Required action — Which of the lines in the data mention the string "được"? List them all.

Listed entries —
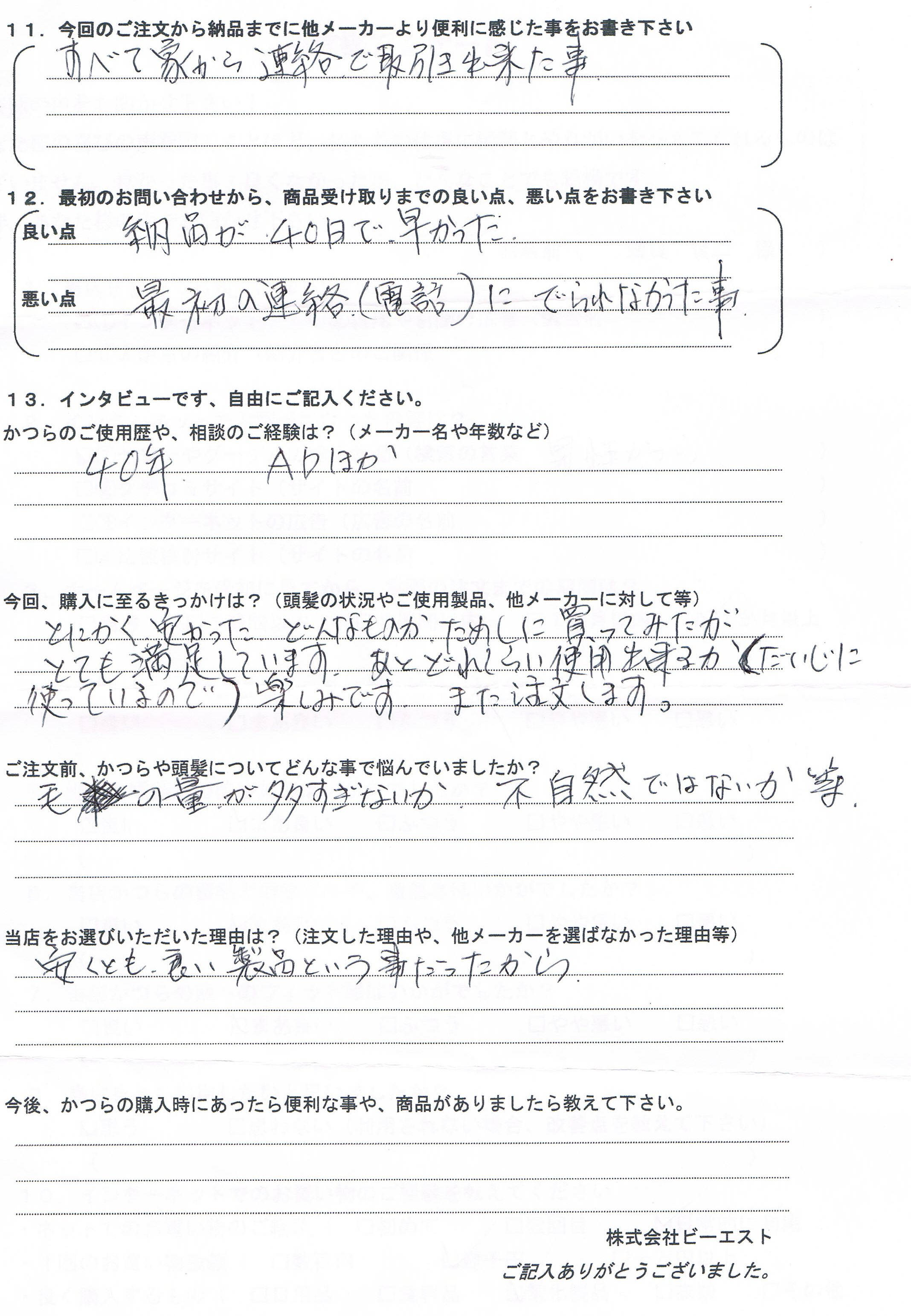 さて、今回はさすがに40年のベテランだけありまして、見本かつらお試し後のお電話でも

==

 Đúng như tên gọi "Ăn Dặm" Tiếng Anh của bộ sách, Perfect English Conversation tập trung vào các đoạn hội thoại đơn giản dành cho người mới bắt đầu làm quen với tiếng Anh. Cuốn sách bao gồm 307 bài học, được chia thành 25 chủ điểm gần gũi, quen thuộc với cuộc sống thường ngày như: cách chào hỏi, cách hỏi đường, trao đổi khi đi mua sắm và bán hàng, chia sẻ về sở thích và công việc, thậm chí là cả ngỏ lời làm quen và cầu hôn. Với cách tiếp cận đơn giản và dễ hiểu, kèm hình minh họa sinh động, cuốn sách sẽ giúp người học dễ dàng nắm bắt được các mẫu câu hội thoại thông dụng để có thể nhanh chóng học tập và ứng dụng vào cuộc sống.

--

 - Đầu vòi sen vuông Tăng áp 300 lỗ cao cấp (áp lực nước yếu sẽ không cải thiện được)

Exercise answer —
 Đúng như tên gọi "Ăn Dặm" Tiếng Anh của bộ sách, Perfect English Conversation tập trung vào các đoạn hội thoại đơn giản dành cho người mới bắt đầu làm quen với tiếng Anh. Cuốn sách bao gồm 307 bài học, được chia thành 25 chủ điểm gần gũi, quen thuộc với cuộc sống thường ngày như: cách chào hỏi, cách hỏi đường, trao đổi khi đi mua sắm và bán hàng, chia sẻ về sở thích và công việc, thậm chí là cả ngỏ lời làm quen và cầu hôn. Với cách tiếp cận đơn giản và dễ hiểu, kèm hình minh họa sinh động, cuốn sách sẽ giúp người học dễ dàng nắm bắt được các mẫu câu hội thoại thông dụng để có thể nhanh chóng học tập và ứng dụng vào cuộc sống.
 - Đầu vòi sen vuông Tăng áp 300 lỗ cao cấp (áp lực nước yếu sẽ không cải thiện được)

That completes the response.